* **Work instructions**
For this exercise, output the entries below exactly from the line that holds "利用力矩平衡,A球转过450角,速度达到最大。![]()" to the line that holds "Meadows - Complete", both ends included. No pictures belong in the copy.

* **Dataset extract**
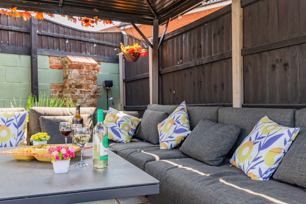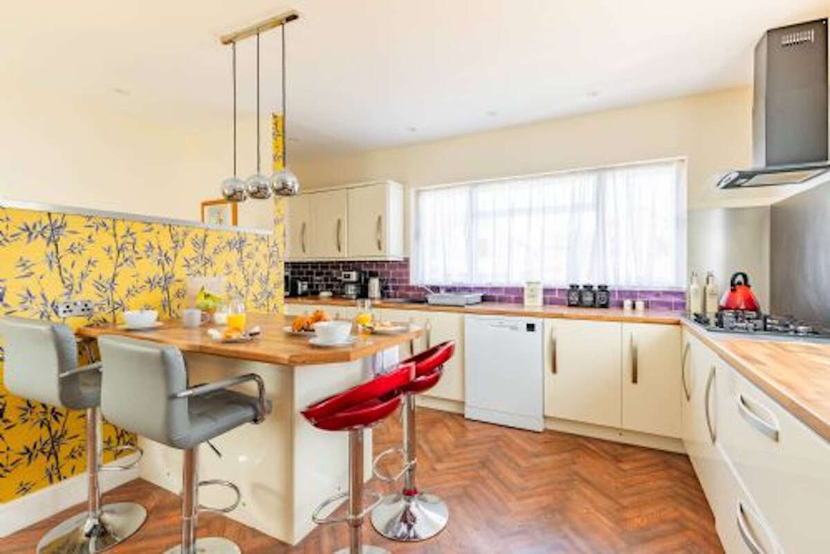Unwind in the spacious lounge, featuring plush seating and a Smart TV.The kitchen is equipped with modern appliances, including a dishwasher, microwave, toaster, and coffee machine. There’s also a breakfast bar for four, perfect for quick bites.
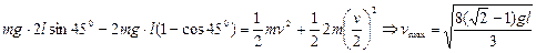 利用力矩平衡,A球转过450角,速度达到最大。![]()
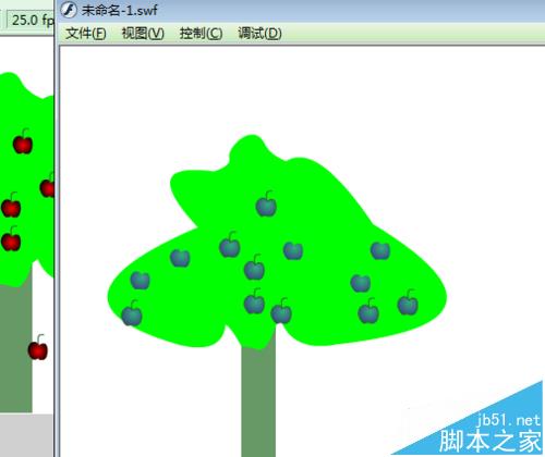 用FLASH模擬熟透的蘋果,用到形狀補間,注意形狀補間的使用條件。
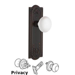 Meadows - Complete Privacy Set - Meadows Plate with White Porcelain Door Knob in Timeless Bronze - Nostalgic Warehouse 702680
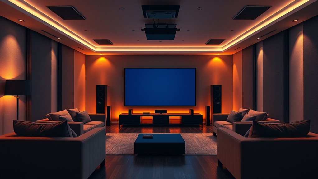 Room acoustics considerably impact Dolby Atmos performance because they influence sound clarity, directionality, and immersion. I’ve found that hard surfaces reflect sound, which can cause echo or muddiness, while soft materials absorb sound, reducing clarity. To optimize Atmos, I recommend adding rugs, curtains, or acoustic panels to manage reflections. Properly treating your room ensures you experience true three-dimensional sound, making your home theater much more immersive and enjoyable.
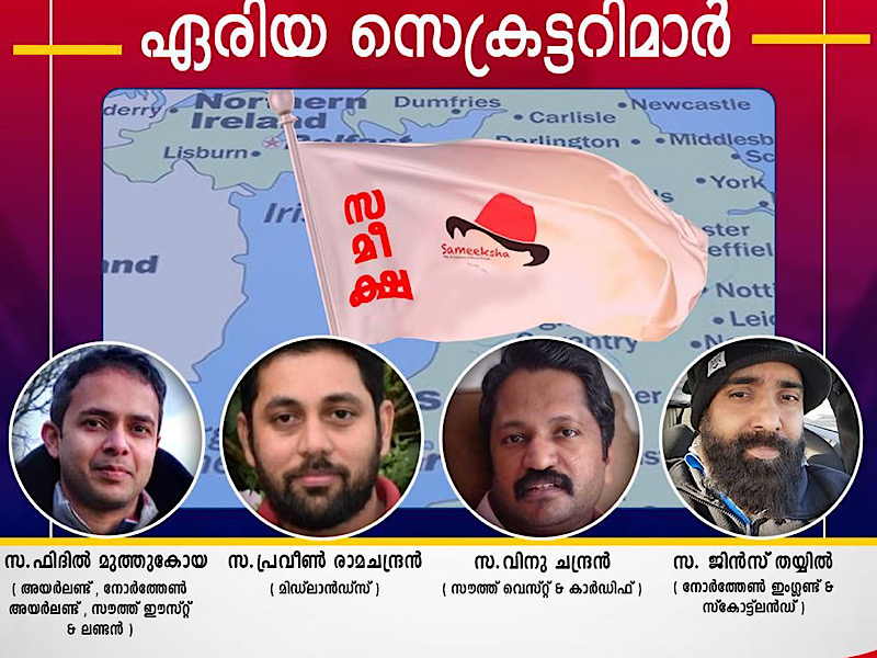 സംഘടനയുടെ സുഖമമായ പ്രവർത്തനത്തിന് ബ്രാഞ്ചുകളെ ഏരിയകൾ ആക്കി തിരിച്ചു കൊണ്ട് ഒരോ ഏരിയകൾക്കും സമീക്ഷUK ഏരിയ സെക്രട്ടറിമാരെ തീരുമാനിച്ചു. സഖാവ് more...
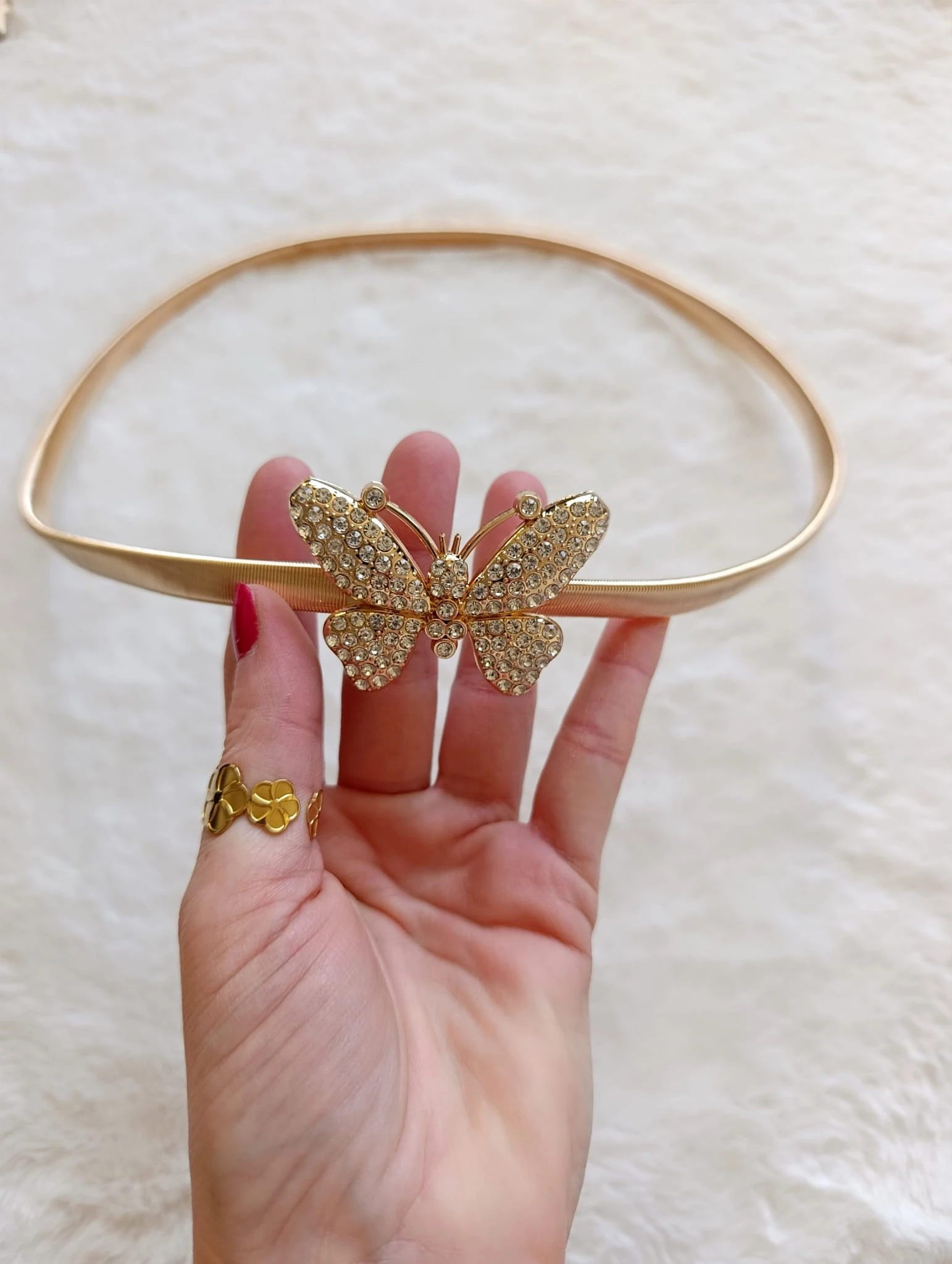 Pasek damski złoty MOTYL z cyrkoniami

* **Exercise response**
 利用力矩平衡,A球转过450角,速度达到最大。![]()
 用FLASH模擬熟透的蘋果,用到形狀補間,注意形狀補間的使用條件。
 Meadows - Complete Privacy Set - Meadows Plate with White Porcelain Door Knob in Timeless Bronze - Nostalgic Warehouse 702680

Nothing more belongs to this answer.